这是采煤五区副区长。他正在区队学习室的班前会上对分到本区的新工人致欢迎词。
孙少平坐在低矮的长条铁凳上,和一群新老工人挤在一起。学习室烟雾大罩。新工人都瞪大眼睛惊恐地听雷区长讲话。老工人们谁也不听,正抓紧时间在下井前过烟瘾;他们一边抽烟,一边说笑,屋子里一片嗡嗡声。

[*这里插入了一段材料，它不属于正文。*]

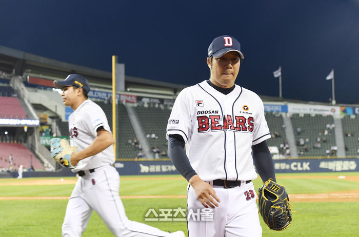 두산 베어스 선발 투수 장원준이 23일 잠실구장에서 열린 2023 KBO리그 삼성 라이온즈와 경기 5회초 수비를 마친 뒤 덕아웃으로 들어가고 있다. 장원준은 5이닝 동안 7피안타 4실점(4자책) 4삼진을 기록하며 승리 요건을 갖추고 마운드에서 내려갔다. 2023. 5. 23.
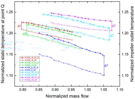 Figure 10 shows the experimental characteristic curves of the dimensionless static temperature at point Q of the IBC and impeller outlet temperature under variable AVDs’ angles (−8°, −4°, 0°, +4° and +8°). Both characteristic lines move to the upper left as the diffuser angle decreases, and move to the upper right as the diffuser angle increases. The temperature difference between them drops with the increase in the degree of change in the angle of AVDs, leading to the air-cooling effect is weakened.
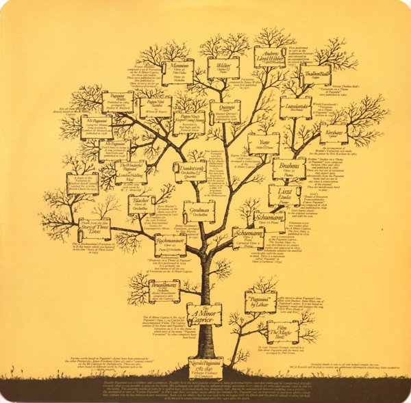Inner sleeve has credits and pictures of artists on one side and Paganini's Variations "Family tree" on the other side

雷区长从前面一个老工人手里要过一支带嘴纸烟,点着吸了几口,然后让区队办事员点新工人的名字。点到谁,谁就站起来答个到。
点完名,雷区长继续讲话。
“……世事不一样了,你们的名字也和我们这些隔辈人叫得不一样!什么文军,少平,永生……永生是叫对了!来煤矿都想活,还没叫短命的。有没有结过婚的?站起来!”有两三个新工人红着脸从人堆里立起来。
“嘿嘿,娃娃们,你们想老婆的日子在后边哩!”
学习室“嗡”一声都笑了。那几个结过婚的新工人赶忙坐在铁凳上,低倾下头。“不要紧,等挣下两个票票,土崖上戳几个窑窑,就把你们的花骨朵接来吧……我还要说第二点……”
雷区长正要往下说,有几个老工人已经站起来,走过去在区长的光头上不恭敬地摸了摸,说:“对了,不要再放屁了!”

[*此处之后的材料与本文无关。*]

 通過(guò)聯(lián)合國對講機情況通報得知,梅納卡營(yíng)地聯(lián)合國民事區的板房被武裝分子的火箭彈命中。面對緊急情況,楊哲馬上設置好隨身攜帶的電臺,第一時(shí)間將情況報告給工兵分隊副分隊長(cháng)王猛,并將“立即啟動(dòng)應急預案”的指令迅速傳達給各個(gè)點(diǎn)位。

雷区长咧开大嘴笑着,从台子上退下来。会议也随之结束了。
这就是煤矿生活最初的一课。
在以后紧接着的日子里,矿上先组织新工人集中学习,由矿上和区队的工程师、技术员,分别讲井下的生产和安全常识。另外,工会还来全面介绍了这个矿的情况。十天以后,他们第一次下井参观。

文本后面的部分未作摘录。